1.) What if I just paid my rent late? Living in LA is extremely expensive, working for a start up is not financially rewarding. Each month I have my fun check and my living check. What if this month I just used my fun check for Little 5 and my living check (that has to pay rent, bills, etc.) for Coachella. Sure it means I won't be able to pay rent until the 4th (the next pay day) but fuck. They joke about this on sitcoms all the time. And ya, sit coms are a work of fiction, but I'm sure it's based in some truth. I doubt I will get evicted for paying rent 4 days late. I hear all the time about people being 3 months behind, water getting shut off...rarely do you hear landlords bitching about 96 hours. Blame it on the postal service (I think "checks in the mail" buys you at least a week)

2.) What if I went to Chase and got a credit card? "Yes I would like a $1000 limit and I want the account shut down on Monday." What? Why would you want to do that? "I want to blow a thousand dollars with much frivolity and pay for my decisions slowly over the next 6 months." I still don't understand. "I'm going to Coachella and I'm fucking broke, can I have it or not?"

Sure this is a really bad idea too...but no worse than people taking out additional student loans for Spring Break right? I mean I won't remember this music, and I'm not really that big of a fan of anyone playing, but what if I miss the chance to get drunk and do hallucinogens in a muddy field with strangers? That's a memory money can't buy.

3.) Take a loan out against my car. I honestly heard a radio ad about this today. If you own your car (heyooo I have an asset) you can take a loan out against it. It's like taking out a reverse mortgage on your home. You can't sell it, and technically you don't own it anymore, but they will front you some dough and hold your title as collateral. Unfortunately, I'm thinking an auto title loan takes more than an hour to acquire...scratch that.

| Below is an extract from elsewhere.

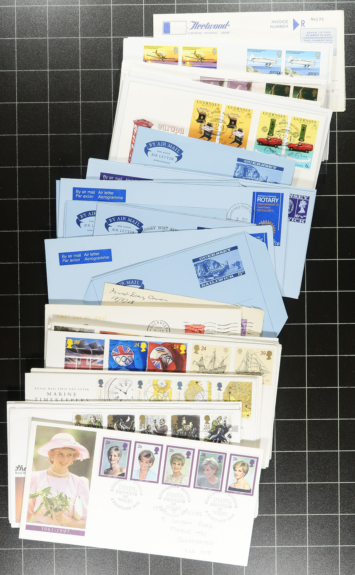 Not your usual British First Day Cover lot. From the 1940's to the 1990's, there is a mix of private and Royal Mail cachets. The Guernsey, Jersey and Isle of Man, are above average with Occupation and 1960's phosphor bands. Catching our eye is a group of 1960's first day covers, a book of 1982-1983 "Fleetwood" cachets and lots of late-century first day covers with outrageous original cost. About 300 FDCs. Perfect for the specialist to dive into. Estimate =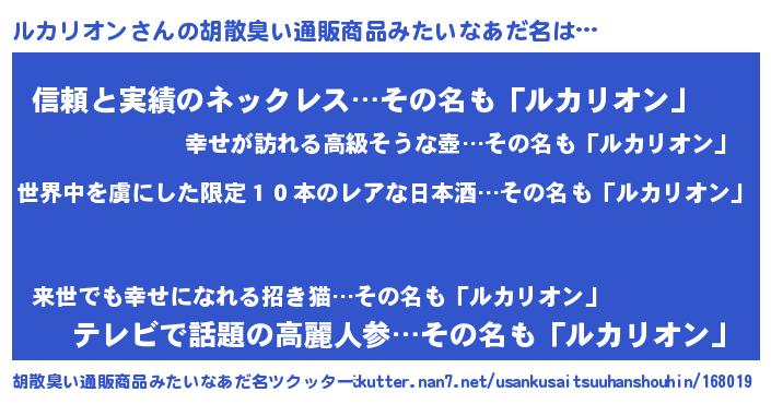 | 男性向けラノベタイトル風あだ名 | 『この素晴らしい世界にルカリオンを!』 |

4.) A bail out. What this presupposes is, is that I keep spending until I have nothing and then ask for help. The American auto industry got to do it and they make shitty cars. At least I'm not lying, I live above my means, and I'm sorry I won't do it again. Unfortunately, I think what this is called in legal speak is filing for personal bankruptcy and while it doesn't seem to have that much of a negative effect on one's life, I've been bashing poor people and democrats my whole life, so out of principal I will never execute this option no matter how dire my straights become. That said, the old mom and dad savings and loan is always open for business...and let me tell ya business is good.

5.) I could just not go. As it stands now, even if i acquired a ticket for $150, I would end up camping by myself and sleeping in my car. It wouldn't be that bad, I would wander around and eventually tell a cool group my story and I'm sure they would let me hang out with them at the camp site. They may even let me have one of their women, that said the Chevy Cobalt is not conducive to shacking and that might be a violation of the terms and conditions of my auto title loan (That's a call back! Very effective tool in comedy) Every day I would have to drunkenly wander around looking for my friends, and then when I did find them after the concert was over they would go after party in their hotel and I would go after party with some Burnetts and a pack of Swisher Sweets I found on the ground. What I'm saying is I'm starting to think this whole Coachella thing isn't worth the effort. I've done the EDM thing, I'm sure I'll make it back for Lolla this year. I think my time and effort will be much better spent planning my bender of a little 5, eating all my roommates' food and finding an escort with which I plan on copulating   in every room in the house. And oh ya, I'm gonna get fucking retarded at that benefit tonight, I just hope it isn't for Downs.